Итак, в чем же бойня, как я ее уже называл, свидетельствует о том, что она убивает? Дело в том, что она не может убить это на сцене политики и войны, а лишь за отвратительными кулисами. С трибуны в равной степени поносят большевиков, демократов, декадентов, капиталистов, евреев, негров. С трибуны им объявляют войну. Но в "реальности" евреям объявить войну невозможно, их заставляют исчезнуть, их уничтожают. Они не являются врагами в обычном смысле. О них не заявлено. У них нет прав на противостояние под сценическими прожекторами. "Политика" массового уничтожения не может быть представлена на политической сцене.
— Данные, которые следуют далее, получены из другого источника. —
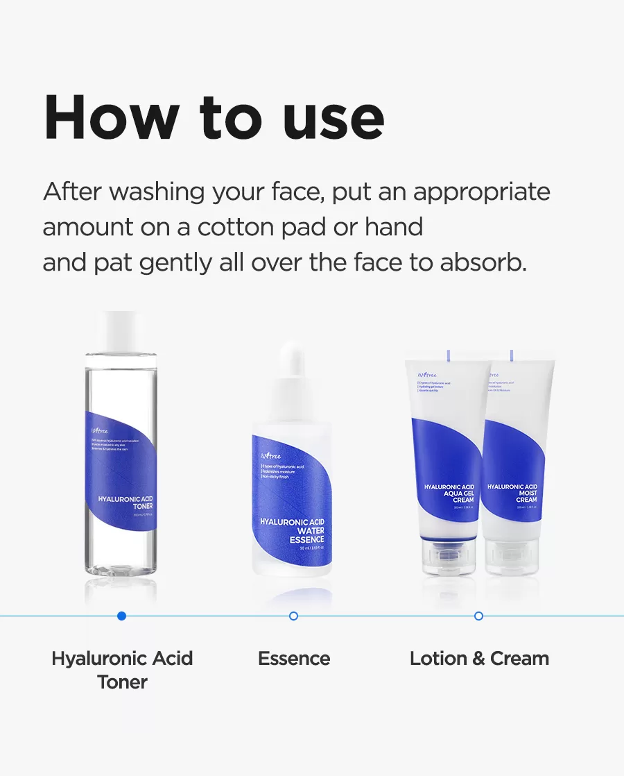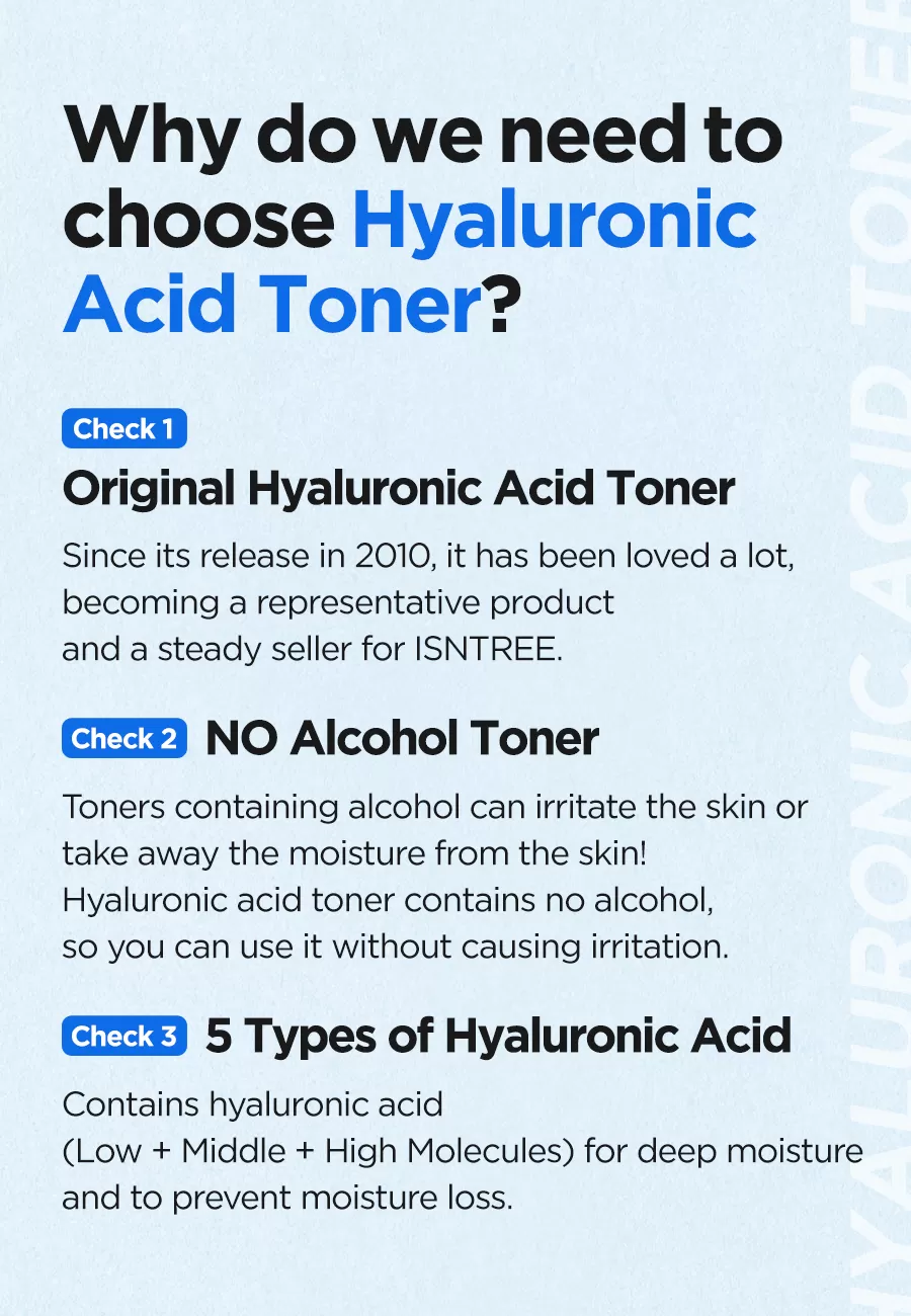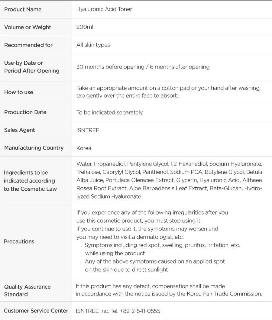 Isntree Hyaluronic Acid Toner er en toner utviklet for å tilføre huden masse fukt, en prisvinnende toner som anbefales sterkt til de med dehydrert hud. Inneholder hele 50% hyaluronsyre (3 typer) som har ulike molekylstørrelser for en mest mulig optimal formulering som vil gir en optimal absorpsjon, fra ytre hudlag ned i dybden. Denne toneren vil også beskytte huden mot fuktighetstap. NMF (Natural Moisture Factors) ingredienser som Sodium PCA, Beta-Glucan og Panthenol hjelper huden å holde på fuktighet og næring over tid.

Она должна быть забыта. Нужно, чтобы конец, положенный бесконечному, сам был забыт,

53
уничтожен. Чтобы никто больше не вспоминал о нем, как о конце, положенном кошмару. Ибо кошмар продолжался бы и в самом воспоминании о своем конце. Ведь уже то, что устранение забытого, чтобы быть завершено, должно быть забыто, свидетельствует, что забытое всегда тут. Ибо оно всегда было тут лишь в качестве забытого, и забыто и его забвение. Vernichtung, нацистское название для уничтожения, не совсем отлично от отторжения, Verleugnung. Вся разница заключается в одной детали: в миллионах проведенных убийств.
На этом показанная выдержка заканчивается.